Open dan-schlecht opened 3 years ago
Am I correct that the issue you're needing to solve is that you need the bootstrapping processes running when cluster nodes are launched to have those environment variables set to the desired values?
I've tried adding these variables to /etc/bashrc, /etc/profile, /etc/environment, /etc/profile.d/sh.local, etc/profile.d/
Are you writing to these files from within the user data? If so I would think you need to source it after writing it in order to have those environment variables defined in the current running process, but you would still need to export them in order to have cfn-init use the same values.
My current workaround is to export these variables in the Master and Fleet substack template's userdata section just before cfn-init is called. I tried other workarounds by creating an AMI with these env variables set and pointing my cluster config file to the AMI, but the env variables are not set when cfn-init is called. I figure the PCluster python script must be setting up its own env variables and ignoring other env variables
Sorry to be more clear, I'm not writing to these files in userdata. I'm writing to these files and then creating an AMI image. I update my pcluster config file to point to my custom_ami. My current workaround is to have userdata to export the env variables before cfn-init is called.
Hi @dan-schlecht,
Could you create a cluster with --norollback
, and check cloud-init-output.log under /var/log
dir to get userdata output? If there is any clue about the env variables aren't set properly.
I updated my userdata to not export the env variables to cause the failure. I've looked over the cloud-init and cloud-init-output files before, but I can't understand why the /etc/bashrc or other files don't seem to have an affect on environment variables during cluster creation. I assumed the python code was building its own env variables and ignoring bash env variables. I can't seem to attach log files to this post.... Can I email you the log files?

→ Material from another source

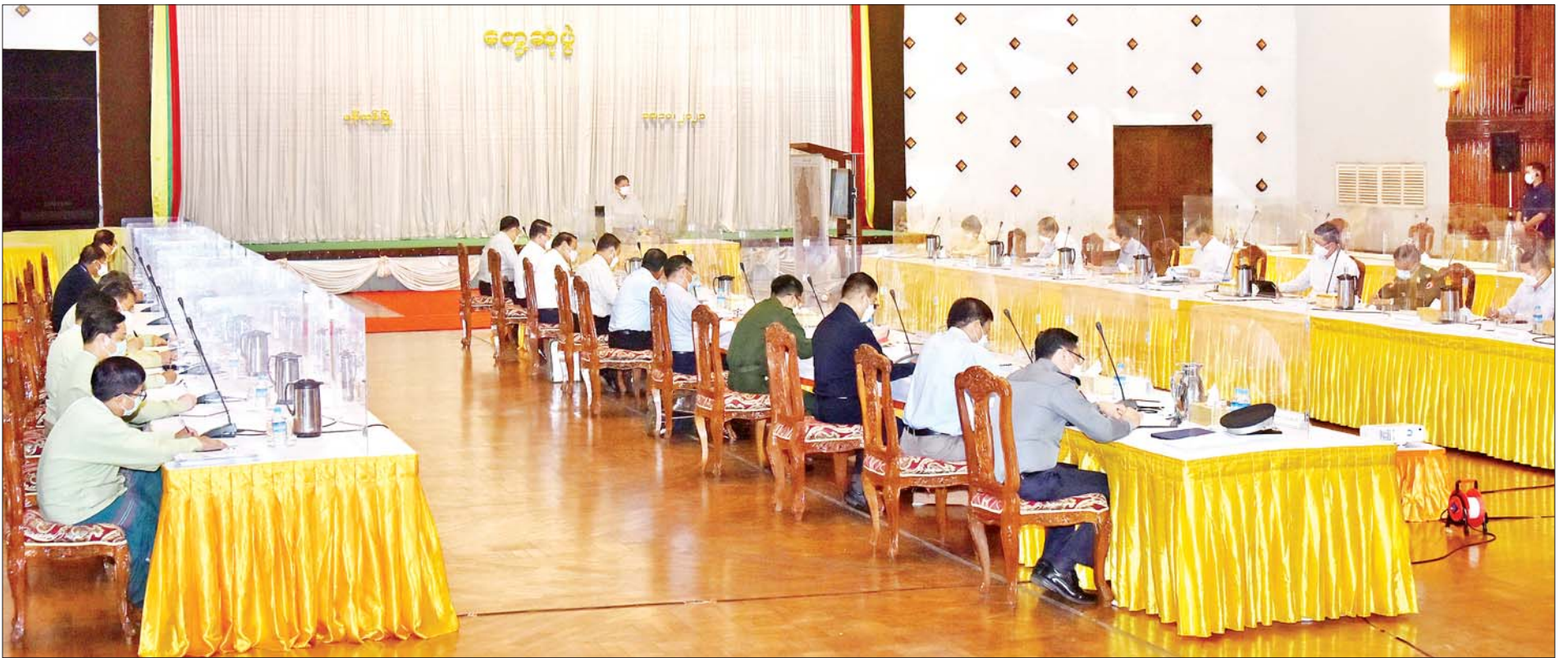
နိုင်ငံတော်စီမံအုပ်ချုပ်ရေးကောင်စီဥက္ကဋ္ဌ၊ နိုင်ငံတော်ဝန်ကြီးချုပ် ဗိုလ်ချုပ်မှူးကြီး မင်းအောင်လှိုင် ရန်ကုန်တိုင်းဒေသကြီးအစိုးရအဖွဲ့ဝန်ကြီးများနှင့် တာဝန်ရှိသူများအား တွေ့ဆုံအမှာစကားပြောကြားစဉ်။

နေပြည်တော် အောက်တိုဘာ ၁၀ နိုင်ငံတော်စီမံအုပ်ချုပ်ရေးကောင်စီဥက္ကဋ္ဌ၊ နိုင်ငံတော်ဝန်ကြီးချုပ် ဗိုလ်ချုပ်မှူးကြီး မင်းအောင်လှိုင်သည် ယနေ့မွန်းလွဲပိုင်းတွင် ရန်ကုန် တိုင်းဒေသကြီးအစိုးရအဖွဲ့ဝန်ကြီးများနှင့် တာဝန်ရှိသူများအား တိုင်းဒေသကြီးအစိုးရအဖွဲ့ရုံး၌ တွေ့ဆုံအမှာစကား ပြောကြားသည်။ အဆိုပါတွေ့ဆုံပွဲသို့ နိုင်ငံတော်စီမံအုပ်ချုပ်ရေးကောင်စီဝင် ဒုတိယ ဗိုလ်ချုပ်ကြီး မိုးမြင့်ထွန်း၊ ကောင်စီတွဲဖက်အတွင်းရေးမှူး ဒုတိယ ဗိုလ်ချုပ်ကြီး ရဝင်းဦး၊ ပြည်ထောင်စုဝန်ကြီးများ ဖြစ်ကြသည့် ဦးမောင်မောင်အုန်း၊ ဦးတင်ထွဋ်ဦး၊ ဦးလှမိုး၊ ဒေါက်တာသက်ခိုင်ဝင်း၊ ဦးခင်ရီ၊ ဦးမင်းသိန်းဇံ၊ ရန်ကုန်တိုင်းဒေသကြီး ဝန်ကြီးချုပ် ဦးလှစိုး၊ ကာကွယ်ရေးဦးစီးချုပ်ရုံးမှ တပ်မတော်အရာရှိကြီးများ၊ ရန်ကုန်တိုင်း စစ်ဌာနချုပ် တိုင်းမှူး၊ မြို့တော်ဝန်၊ တိုင်းဒေသကြီးအစိုးရအဖွဲ့ဝန်ကြီး များနှင့် တာဝန်ရှိသူများ တက်ရောက်ကြသည်။ ဦးစွာ နိုင်ငံတော်စီမံအုပ်ချုပ်ရေးကောင်စီဥက္ကဋ္ဌ၊ နိုင်ငံတော်ဝန်ကြီး ချုပ်က အဖွင့်အမှာစကားပြောကြားရာတွင် ရန်ကုန်မြို့လုံခြုံရေး၊ တရား ဥပဒေစိုးမိုးရေးနှင့်ပတ်သက်၍ ဖေဖော်ဝါရီ ၁ ရက် နောက်ပိုင်း ဆူပူ ဆန္ဒပြဖြစ်စဉ်များ ဖြစ်ပေါ်ခဲ့ချိန်၌ ရန်ကုန်မြို့တွင်လည်း ဖြစ်စဉ်များ ရှိခဲ့ကြောင်း၊ မိမိတို့အနေဖြင့် စာမျက်နှာ ၃ ကော်လံ ၁ သို့ ❖

@dan-schlecht, Did you figure out the issue? If not, please attach custom userdata and log file to the issue, thanks.
I have a workaround in place, but my workaround is somewhat involved. It would be nice if pcluster code could inherit bash env variables or somehow be told specific env variables to use during the create process.
I can't seem to attach log files to this post.... Can I email you the log files?
Does it work to paste the relevant bits into a message?
The ParallelCluster team uses this template to report known issues on github. If you are reporting an issue, please use the 'Bug report' template instead.
Bug description
Provide the following information:
Due to security concerns, all of our corporate AMIs have injected our root CA in the trust chain for pip installs and curl/openssl downloads Thus, create command fails for cluster creation. As a workaround for create, I download and update yaml templates files to update user data sections for master and fleet servers. I also have to download and update the main json stack file to point to my new Master server sub-stack file. I also have to use the undocumented config parameter hit-template to point to my local fleet substack file
In the sub-stack's user data, I basically export environment variables just before the call to "cfn-init" CloudFormation Call. export PIP_CERT=/etc/ssl/certs/ca-bundle.crt export SSL_CERT_FILE=/etc/ssl/certs/ca-bundle.crt
I've tried adding these variables to /etc/bashrc, /etc/profile, /etc/environment, /etc/profile.d/sh.local, etc/profile.d/
But, cluster creation fails as Master node creation.
When I log into the Master node, the environment variables are there and I can manually execute the commands that fail during Master node creation. It's like the environment variables are ignored and new environment variables are setup...
I would love to know why this is happening and a better solution than my workaround.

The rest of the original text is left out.